Arte e archeologia

Città di Castello

“L’aspetto del paese è bellissimo: immagina un immenso anfiteatro quale soltanto la natura può creare. (…) Il terreno si innalza così dolcemente e con una pendenza quasi insensibile che, mentre ti sembra di non essere salito sei già in cima. Alle spalle hai l’Appennino. (…)”
Plinio in Giovane

Anche se dell’antica Tifernum Tiberinum restano pochissime tracce, la città moderna si presenta con le medesime caratteristiche. Una città in cui passeggiare è piacevolissimo e in cui ammirare senza fatica edifici medievale e palazzi rinascimentali.

La vita guidata, della durata di due ore circa, prevede la visita del centro storico e dei seguenti monumenti

Duomo intitolato ai Santi Florido e Amanzio. Edificato a partire dall'XI secolo. All’interno conserva  cappelle e altari  commissionati dalle più importante famiglie della città. 

Palazzo Comunale (o dei Priori) E’ ancora oggi la sede del Municipio. La sua costruzione venne iniziata nel corso del Trecento. Nella Sala Maggiore sono conservate lapidi romane. Di fronte al Palazzo è la Torre Civica.

Palazzo del Podestà Edificio pubblico di grande valore architettonico fu costruito da Angelo da Orvieto qualche anno dopo la realizzazione del Palazzo Comunale. Sulle lunette sopra i portali delle botteghe al pian terreno si intravedono gli stemmi dei Podestà che governarono la città.

Chiesa di San Francesco consacrata nel 1291 ha subito nel corso dei secoli numerose ristrutturazioni. Nella chiesa e possibile ammirare la cappella Vitelli costruita verso la metà del 1500 su disegno di Giorgio Vasari. In questa chiesa si trovava lo Sposalizio della Vergine (oggi sostituito da una copia), dipinto da Raffaello nel 1504 ed oggi conservato alla Pinacoteca di Brera.
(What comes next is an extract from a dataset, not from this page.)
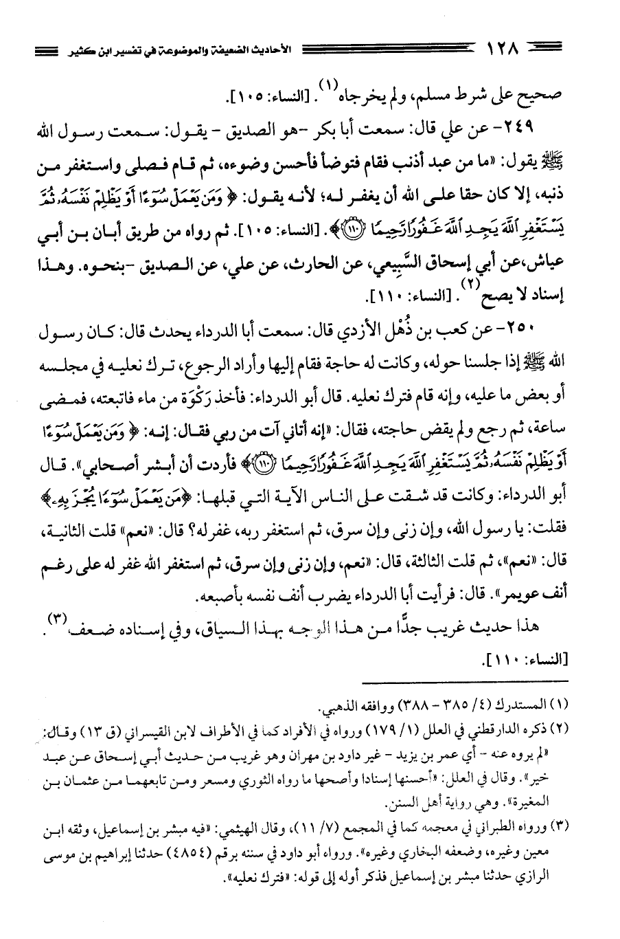 249 - عن علي قال: سمعت أبا بكر - هو الصديق - يقول: سمعت رسول الله صَلَّى اللَّهُ عَلَيْهِ وَسَلَّمَ يقول: "ما من عبد أذنب فقام فتوضأ فأحسن وضوءه، ثم قام فصلى واستغفر من ذنبه، إلا كان حقا على الله أن يغفر له؛ لأنه يقول: {وَمَنْ يَعْمَلْ سُوءًا أَوْ يَظْلِمْ نَفْسَهُ [ثُمَّ يَسْتَغْفِرِ اللَّهَ يَجِدِ اللَّهَ غَفُورًا رَحِيمًا]}. (النساء: 105) ثم رواه من طريق أبان بن أبي عياش، عن أبي إسحاق السَّبِيعي، عن الحارث، عن علي، عن الصديق - بنحوه. وهذا إسناد لا يصح (¬2). (النساء: 110)

Chiesa di San Domenico la monumentale chiesa domenicana fu iniziata nel XIV secolo e terminata nel 1424. La facciata è incompiuta. La chiesa conserva all’interno numerosi affreschi quattrocenteschi.

Per approfondire

Per lo sviluppo della città fu fondamentale la signoria della famiglia Vitelli, che ne plasmò l’assetto urbanistico e monumentale. La famiglia Vitelli lasciò infatti un segno indelebile su Città di Castello grazie alla costruzione di quattro palazzi di famiglia ospitati in ognuno dei quartieri: Palazzo Vitelli alla Cannoniera, Palazzo Vitelli, Palazzo Vitelli in Sant’Egidio, Palazzo Vitelli in Piazza detto anche all’Abbondanza. 

Agli amanti dell'arte contemporanea ricordiamo che la città ospita la più importante raccolta di opere di Alberto Burri, nato proprio a Città di Castello.  Una parte della collezione è ospita a Palazzo Albizzini mentre le opere di maggiori dimensioni sono state collocate negli ex Seccatoi del Tabacco.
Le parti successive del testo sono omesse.